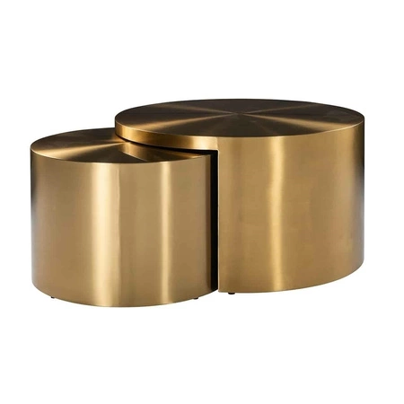 Stolik kawowy BIG&RICH to zestaw dwóch mosiężnych stolików w kształcie walca.Wzmocniono je stopkami, które chronią powierzchnię podłogi przed zarysowaniem.Oryginalna forma stolika nie przytłacza, lecz staje się ciekawym elementem każdego wnętrza.Meble i dodatki w kolorze złotego mosiądzu idealnie sprawdzają się w połączeniu z czernią i bielą, a także z szarościami przeważającymi we współczesnych domach.Wymiary: wys. 45,5 cm / szer. 80 cm / gł. 80 cmWaga netto: 40 kgSposób wysyłki: paleta.
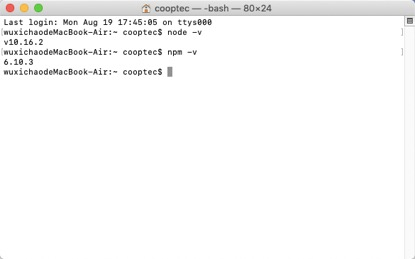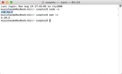 首先在终端输入以下命令查看电脑是否安装Node.js和npm
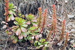 We look in vain for Furcraea martinezii in the gardens of Filo de Caballos. That's the plant for which we came up here. Shortly before reaching Carrizal we finally spot a few small specimens on a shady mountain side. Locals tell us that we could find more and bigger plants at an intersection a few kilometers away. In the village of Carrizal we take a picture of a treelike specimen in a garden. From a loudspeaker emerges the clanging sound of woman's voice announcing that the family of Seņor Fulano, Mister So-and-So, has a phone call. It's probably the relatives calling from the US and since there's only one phone connection in the village, the entire population of the immediate environs of Carrizal knows who and when someone was called on the phone. Before we reach the above-mentioned intersection we're distracted by the bright orange-red flowers of an Echeveria. Echeveria multicaulis is actually only known from the surroundings of Omiltemi but a look at the map is enough to realize that we're only about 16km (10 miles) away from this place as the crow flies. The entrie steep sunny road cut is overgrown by this Echeveria. Unfortunately most plants are completekly covered with dust because of the nearby dirt road. Thanks to their bright orange-red flowers, it was impossible to overlook the plants.
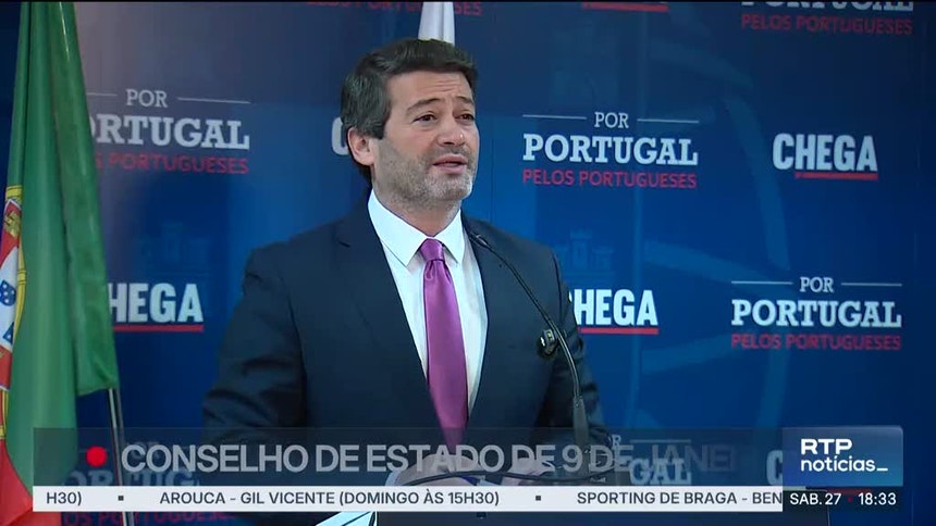 O líder do Chega defendeu ainda que, caso a reunião do Conselho de Estado "venha a existir" nessa data, então que seja feito pelos conselheiros de Estado um balanço do mandato de 10 anos de Marcelo Rebelo de Sousa em Belém, para analisar "o lugar a que conduziu Portugal na cena internacional".
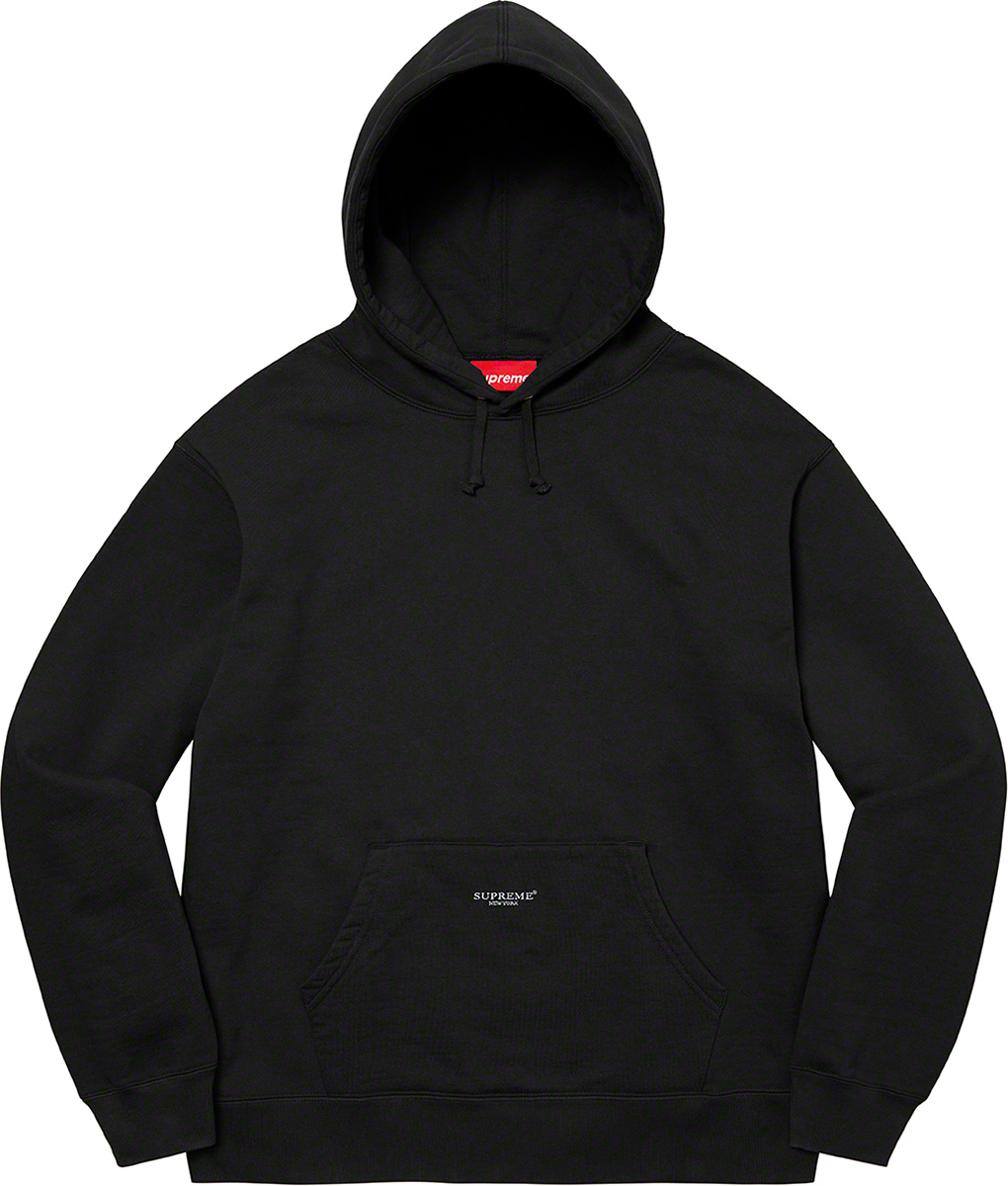 ポケットにシュプリームロゴを小さく刺繍した、コットンフリース素材のフーディ。
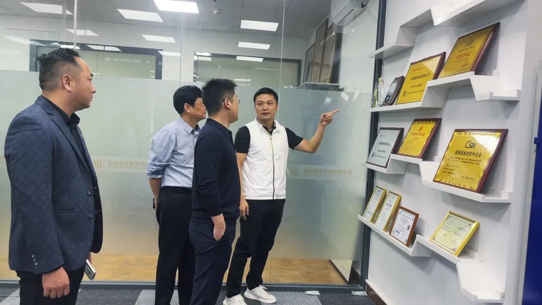 在参加2023盐城(深圳)珠三角科技招商推介活动前,盐城市盐都区科学技术局局长石弘如、副局长杭加林一行莅临海冰科技指导工作,共同展开创新能力的产业项目落地交流。座谈中,双方代表深入交流,就深化在盐城的合作,共同推进盐城市的绿色低碳发展示范区建设达成共识。
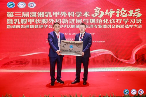 2021年4月23日至24日,2021第三届潇湘乳甲外科学术高峰论坛、暨乳腺甲状腺外科新进展与规范化诊疗培训班暨湖南省健康管理学会乳腺甲状腺健康管理专业委员会换届选举、肉芽肿性小叶性乳腺炎诊治湖南专家共识首次讨论会大会在长沙召开。本次会议由湖南省健康管理学会主办,湖南省健康管理学会乳腺甲状腺健康管理专业委员会、湖南省人民医院乳甲外科、湖南乳甲外科联盟联合承办。

ABOUT THIS EXERCISE:
Please output exactly the lines of the data above, from its first line through the line with "首先在终端输入以下命令查看电脑是否安装Node.js和npm", and nothing else; drop the pictures.

SOLUTION:
 Stolik kawowy BIG&RICH to zestaw dwóch mosiężnych stolików w kształcie walca.Wzmocniono je stopkami, które chronią powierzchnię podłogi przed zarysowaniem.Oryginalna forma stolika nie przytłacza, lecz staje się ciekawym elementem każdego wnętrza.Meble i dodatki w kolorze złotego mosiądzu idealnie sprawdzają się w połączeniu z czernią i bielą, a także z szarościami przeważającymi we współczesnych domach.Wymiary: wys. 45,5 cm / szer. 80 cm / gł. 80 cmWaga netto: 40 kgSposób wysyłki: paleta.
 首先在终端输入以下命令查看电脑是否安装Node.js和npm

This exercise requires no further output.